◆ WHAT YOU HAVE TO DO
Begin with the line below holding "据美联社报道,来自加德满都七" and go on through the line holding "また、令和3年2月2日の緊急", duplicating each line exactly and leaving out pictures.

====== DATASET EXTRACT

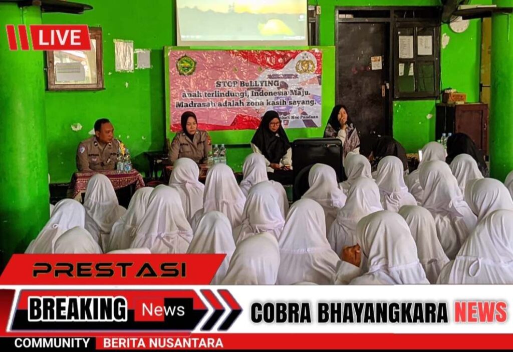 Polsek Pandaan masuk kze lingkungan pesantren untuk memberikan edukasi kepada para santri tentang etika berlalu lintas dan pencegahan bullying di Aula Pondok Pesantren Fadillatul Qur’an, Desa Sumbergedang, Kecamatan Pandaan, Rabu (24/9/2025).
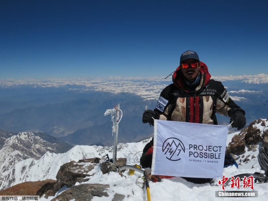 据美联社报道,来自加德满都七峰徒步旅行社的尼泊尔登山家明玛?夏尔巴为本次登峰的探险队提供装备。夏尔巴说,今年36岁的普尔亚健康状况良好,已经从峰顶安全下来。 登山专家称,这项记录是登山史上的一项重大成就。(资料图)
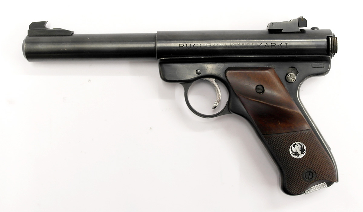 Siistikuntoinen Ruger MK I pienoispistooli yhdellä 10 patruunan lippaalla.
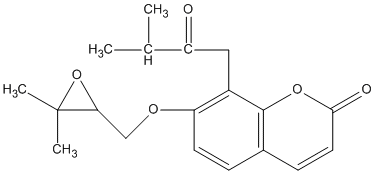 CC(C)C(=O)Cc1c(OCC2OC2(C)C)ccc2ccc(=O)oc12 |
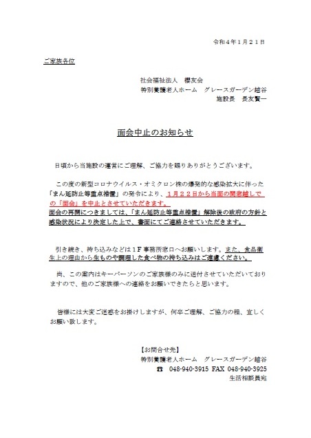 また、令和3年2月2日の緊急事態宣言の延長に伴い、面会制限の期間も延長致します。
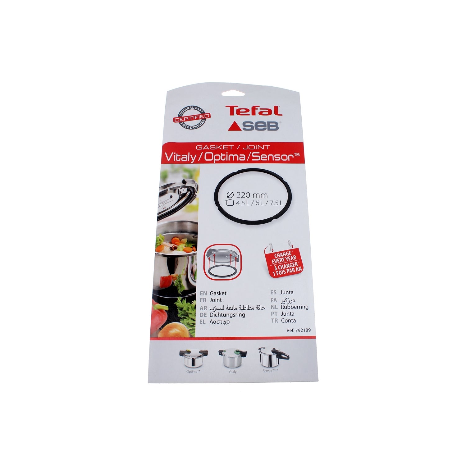 JOINT DE COUVERCLE AUTOCUISEUR SEBCUVE INOX 4,5 / 6 / 7,5 L - Diam. Intérieur 220 m/m VITALY - SENSOR 3 - SENSOR 2SENSOR SAFE 2 - SENSOR VISIO 792189 Avec le temps, le joint de l'autocuiseur s'use et le caoutchouc durcit. Vous constatez une fuite lors de la montée en pression. Il convient alors de le remplacer votre joint de cocotte. Cette opération est relativement simple et à la portée de tous.Choisir son joint :Le joint de couvercle doit être remplacé régulièrement. (Tous les ans en moyenne). Choisissez le joint adapté à votre autocuiseur.Afin de commander le bon joint, vous devez vous munir des éléments suivants : La marque de l'autocuiseur, Le diamètre de la cuve ou du couvercle et la capacité en litres de la cocotte-minute.Pour vous faciliter le montage du nouveau joint, plongez-le dans de l'eau savonneuse pour qu'il s'insère aisément.Si le joint est circulaire : repérez les marques sur le joint et insérez-le dans les encoches du couvercle prévu à cet effet. Toutes les pièces détachées d'origine SEB
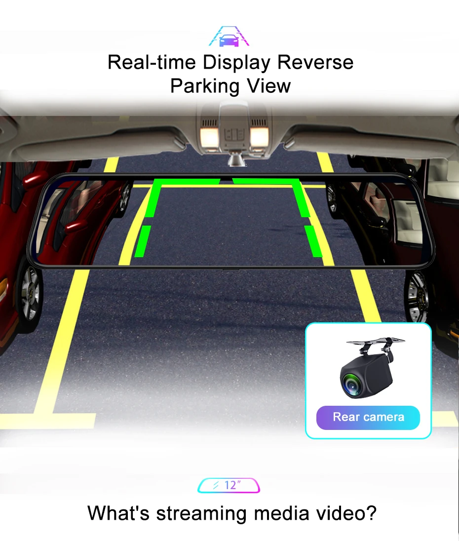 Традиционные зеркала заднего вида могут обеспечивать только ограниченное видение заднего вида. Большую часть времени, когда мы паркуем, нам нужно повернуть голову, чтобы увидеть слепую область позади транспортного средства. Камера для потокового прибора не только позволяет избежать препятствий на подголовник или задний столб, поле зрения в 3 раза больше, чем стандартное зеркало заднего вида. И даже ночью и под дождем, видимость отличная.
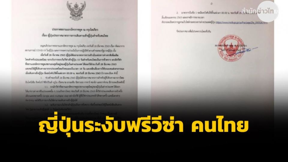 สถานเอกอัครราชทูต ณ กรุงโตเกียว ประเทศญี่ปุ่น โพสต์ข้อความผ่านทางเฟซบุ๊ก ระบุว่า ญี่ปุ่นออกมาตรการการเข้าเมืองต่อชาวไทย มีผลบังคับใช้ตั้งแต่เวลา 00.00 น. ของวันที่ 28 มีนาคม จนถึงสิ้นเดือนเมษายน นี้ และอาจมีการขยายเวลาออกไป โดยจะระงับการยกเว้นวีซ่าเข้าญี่ปุ่น 15 วัน สำหรับคนไทยเป็นการชั่วคราว ยกเลิกวีซ่าที่สถานเอกอัครราชทูต/สถานกงสุลใหญ่ของญี่ปุ่นในต่างประเทศ ได้ออกให้ก่อนวันที่ 28 มีนาคม 2563 อย่างไรก็ดี ผู้ที่มีวีซ่าประเภทเข้าได้หลายครั้ง และมีเอกสาร Re-Entry จะได้รับการยกเว้นให้สามารถเดินทางเข้าญี่ปุ่นได้
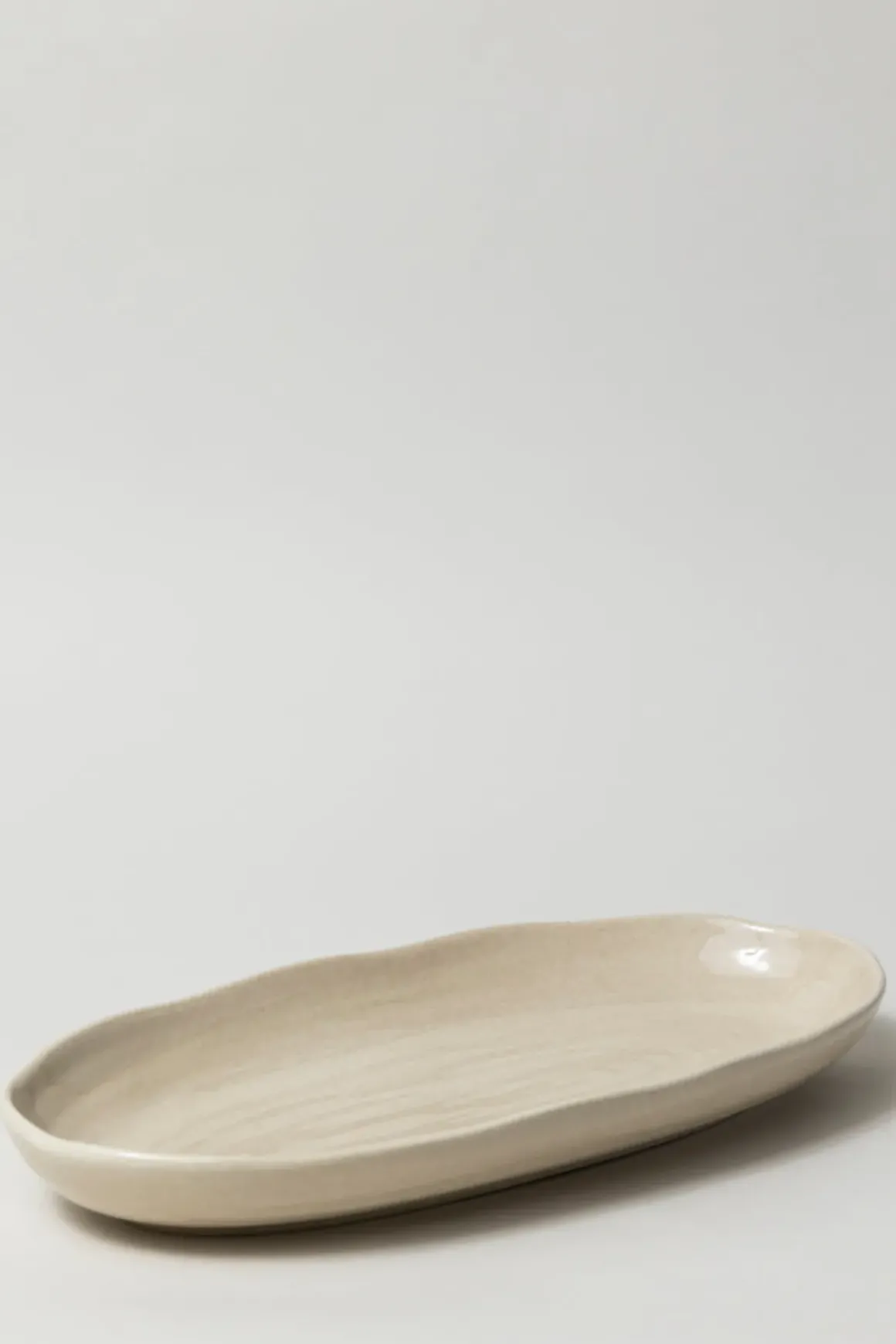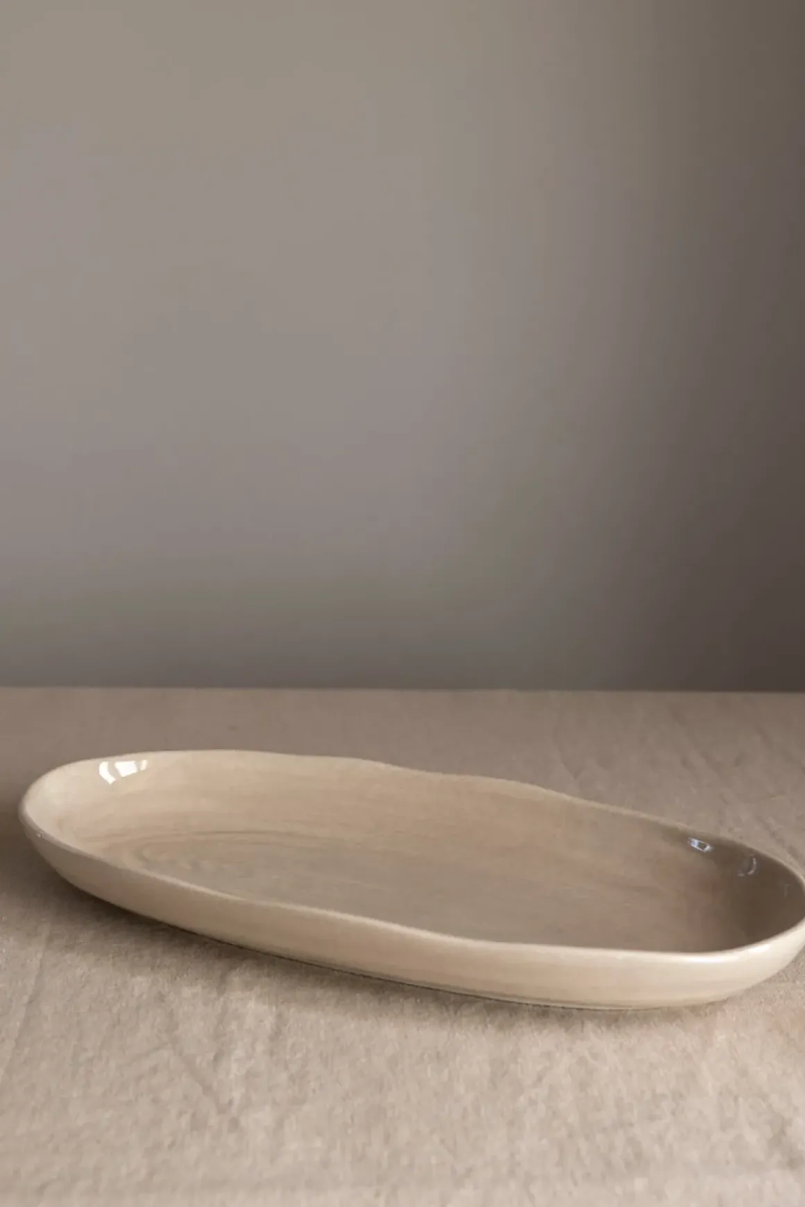 Ovalt serveringsfat i beige porselen fra svenske Bruka Design. Fatet er en del av Capri-serien til Bruka. Perfekt til servering av tapas, deilige pastaretter og salater! Fatet kan vaskes i maskin og tåler mikrobølgeovn.

============

◆ FINISHED TASK
 据美联社报道,来自加德满都七峰徒步旅行社的尼泊尔登山家明玛?夏尔巴为本次登峰的探险队提供装备。夏尔巴说,今年36岁的普尔亚健康状况良好,已经从峰顶安全下来。 登山专家称,这项记录是登山史上的一项重大成就。(资料图)
 Siistikuntoinen Ruger MK I pienoispistooli yhdellä 10 patruunan lippaalla.
 CC(C)C(=O)Cc1c(OCC2OC2(C)C)ccc2ccc(=O)oc12 |
 また、令和3年2月2日の緊急事態宣言の延長に伴い、面会制限の期間も延長致します。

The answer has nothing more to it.